Search code examples
pyspark

pyspark transform to find offset start and end


In Pyspark, trying to find offsets based on length array column "Col1". Don't want to use UDF, so trying to get solution using transform. But facing errors. Please suggest any workaround

Col1            Offset
[3,4,6,2,1]     [[0,3],[4,8],[9,15],[16,18],[19,20]]
[10,5,4,3,2]    [[0,10],[11,16],[17,21],[22,25],[26,28]]

from pyspark.sql import SparkSession
from pyspark.sql.functions import col, explode, expr


 spark = SparkSession.builder \
.appName("Calculate Offset Column") \
.getOrCreate()


 data = [([3.0, 4.0, 6.0, 2.0, 1.0],),
    ([10.0, 5.0, 4.0, 3.0, 2.0],)]


 df = spark.createDataFrame(data, ["Col1"])
 df = df.withColumn("Offsets", 
               f.expr("""transform(Col1, (x, i) -> struct(coalesce(sum(Col1) over (order by i rows between unbounded preceding and current row) - x, 0) as start, 
                                                         sum(Col1) over (order by i rows between unbounded preceding and current row) as end))"""))

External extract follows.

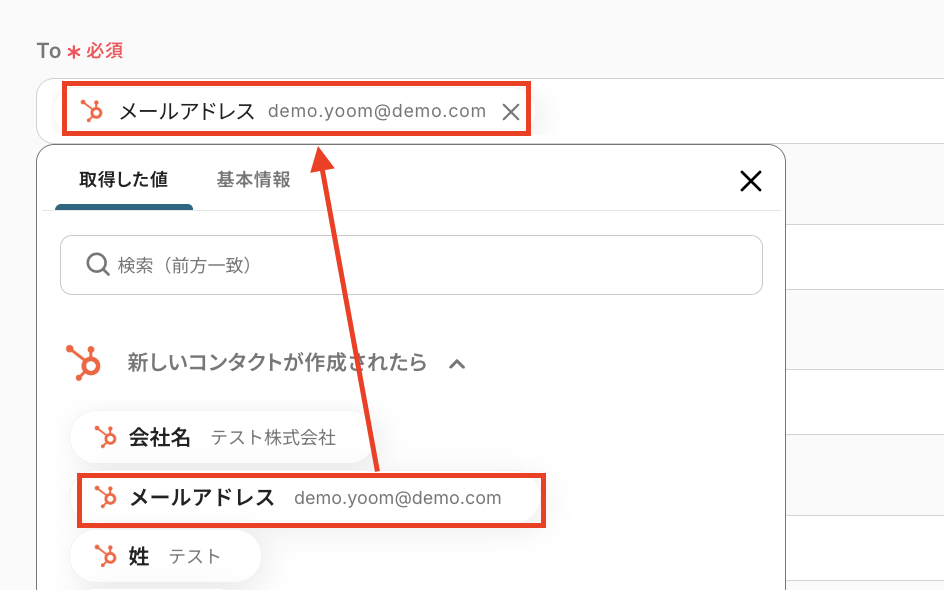 テストが成功すると、「取得した値」に先ほど作成したコンタクト情報がアウトプットとして抽出されるので、内容を確認しましょう!

Error: Resolved attribute(s) i#462 missing from Col1#454 in operator !Window [Col1#454, transform(Col1#454, lambdafunction(struct(start, coalesce((sum(cast(Col1 as double)) windowspecdefinition(lambda i#462 ASC NULLS FIRST, specifiedwindowframe(RowFrame, unboundedpreceding$(), currentrow$())) - lambda x#461), cast(0 as double)), end, sum(cast(Col1 as double)) windowspecdefinition(lambda i#462 ASC NULLS FIRST, specifiedwindowframe(RowFrame, unboundedpreceding$(), currentrow$()))), lambda x#461, lambda i#462, false)) AS Offsets#458], [lambda i#462 ASC NULLS FIRST].;


Solution

  • from pyspark.sql import SparkSession
    import pyspark.sql.functions as F 
    
    spark = SparkSession.builder \
    .appName("Calculate Offset Column") \
    .getOrCreate()
    
    
    data = [([3.0, 4.0, 6.0, 2.0, 1.0],),
        ([10.0, 5.0, 4.0, 3.0, 2.0],)]
    
    
    df = spark.createDataFrame(data, ["Col1"])
    
    df = (df
           .withColumn("Offsets_tmp", 
               F.expr("""transform(Col1, (x, i) -> (i,x))"""))
           .select("Col1",F.explode("Offsets_tmp").alias("expl"))
           .selectExpr(
               "Col1"
               ,"SUM(expl.x) OVER (PARTITION BY Col1 ORDER BY expl)+expl.i right_side"
               ,"CASE WHEN expl.i = 0 THEN 0 ELSE right_side-expl.x END left_side"
               ,"ARRAY(left_side, right_side) arr1"
           )
           .groupBy("Col1")
           .agg(F.collect_list("arr1").alias("Offset"))
           .select("Col1",F.array_sort("Offset").alias("Offset"))
          )
    
    df.show(truncate=False)
    
    +--------------------------+---------------------------------------------------------------------+
    |Col1                      |Offset                                                               |
    +--------------------------+---------------------------------------------------------------------+
    |[3.0, 4.0, 6.0, 2.0, 1.0] |[[0.0, 3.0], [4.0, 8.0], [9.0, 15.0], [16.0, 18.0], [19.0, 20.0]]    |
    |[10.0, 5.0, 4.0, 3.0, 2.0]|[[0.0, 10.0], [11.0, 16.0], [17.0, 21.0], [22.0, 25.0], [26.0, 28.0]]|
    +--------------------------+---------------------------------------------------------------------+
    

    Tested and works on Spark 3.5.0.

    Note: it might not be the prettiest option, you could replace most of the selectExpr with some nice PySpark code (e.g., pyspark.sql.Window).
    My personal preference is for SQL in terms of Window functions, though, as they are a bit less verbose in my opinion.

    EDIT: added array_sort. Not sure if it matters to you or not, but collect_list might return the elements in a different order after a shuffle. Since the Offset column is expected to be monotonically ascending, then array_sort can be used to have a deterministic output.